Dyck’s is the most confessional of the essays and, no doubt for that reason, the one that made the most
impression on me. At some point her trouble writing it became integral to what she had to say -- in
particular, to acknowledging the trouble with “feeling like we need to be productive while people are dying,
losing jobs, hungry and scared.”

The other four contributors to “A Compilation of Short Takes on Working from Home
(https://www.utpjournals.press/doi/full/10.3138/jsp.51.4.05) ” recount different levels of di culty in
adjusting to the disruption. Bryan Birchmeier, an intellectual property coordinator at Michigan Publishing and
the University of Michigan Press, frames it as a less physically grueling version of the phase known as “tear-
down” or “total control” that he went through as in boot camp: “It’s meant to break down any barriers recruits
may have to adjusting to a military schedule and to military procedures … We have had to create or adjust to
a new schedule and new procedures because so much about our daily routine is different …”
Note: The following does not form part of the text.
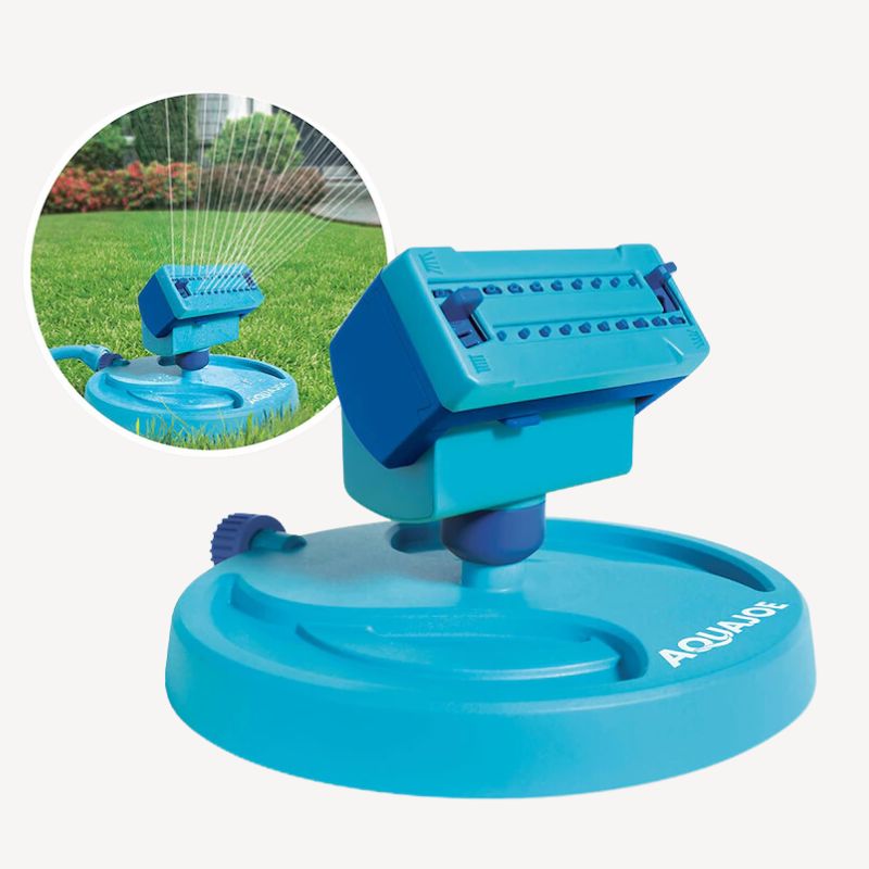 Put the water precisely where you want it with Aqua Joe’s AJOSPR20 fully adjustable mini oscillating sprinkler. Cover more ground and keep your lawn looking lush with the 20 durable clogresistant rubber nozzles that provide even water dispersal. And with the completely customizable water flow and spray range you can water your way for small medium or large lawns of up to 4 250 square feet! Equipped with a maximum spray width of 29.5' to 59' you’ll reach every corner of the yard with ease.
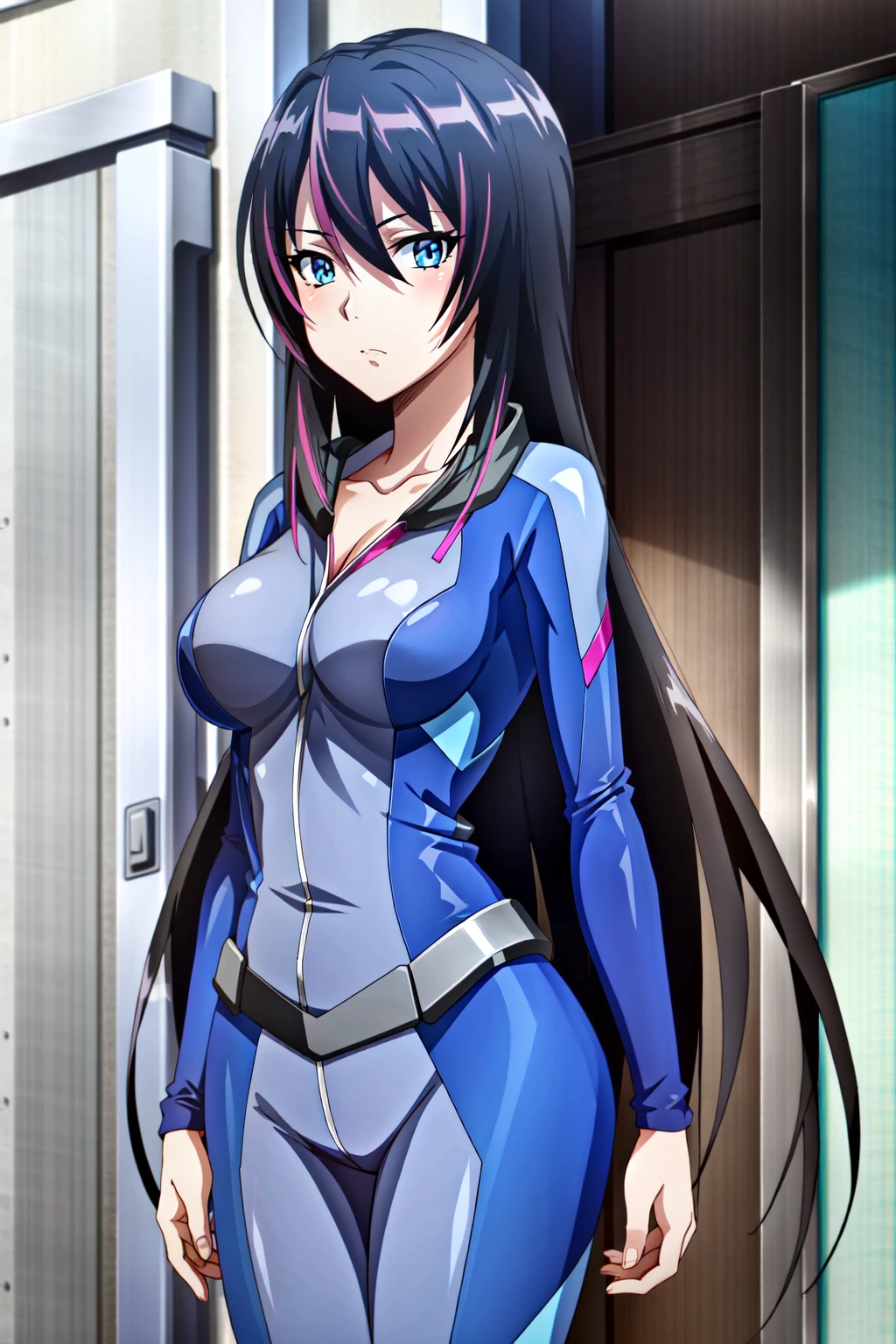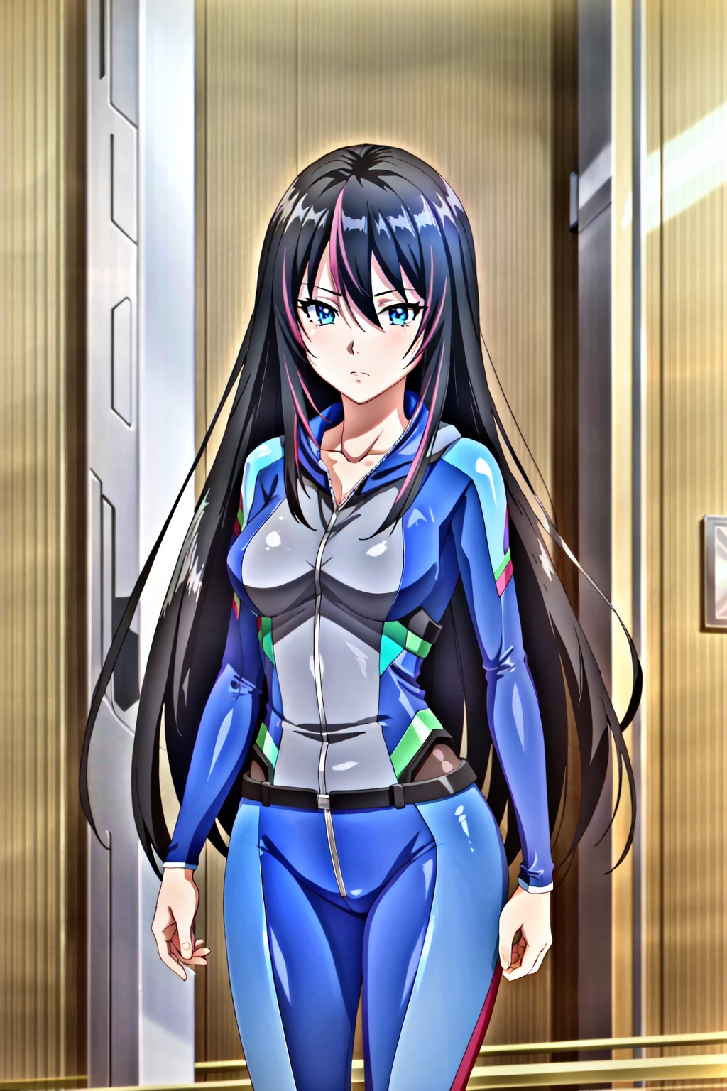 Misa Aoi, 1girl, solo, long hair, black hair, blue eyes, looking at viewer, jacket, hair between eyes, very long hair, breasts, medium breasts

At the other extreme is the experience of Olivier Lebert, the manager for two Canadian journals for 15 years,
who has telecommuted for 11 of them -- and from France for the past 10. It sounds like the pandemic has
not called for that much change in routine, and he can sum up best practices very clearly: establish a
schedule. Stick to it. Meet deadlines. Outside your set working hours, relax: “stop responding to professional
calls or emails.”

Lebert’s recommendations are sensible, and they line up closely with the advice offered in the same
symposium by Sarah Buhler, an associate professor at the University of Saskatchewan College of Law, and
by Kathie Porta Baker, described as “a self-employed manuscript editor, proofreader, and production
assistant living and working in Northern Virginia.” But for Lebert, the boot camp-like transformation took
place quite a while ago. Work at home has become second nature, though he does not indicate how long
that took.

We are coming up on six months since the familiar broke. Marking the anniversary of a change sometimes
helps to put it in perspective. In this case no commonly accepted date is available to punctuate time into
before and after. (March 10 seems a little early, while March 15 is probably too late.) The turn was sudden,
sharp, yet a blur. We make adjustments that seem to nudge things a little closer to normal, but with an
uneasy awareness that there is so much more loss still to come.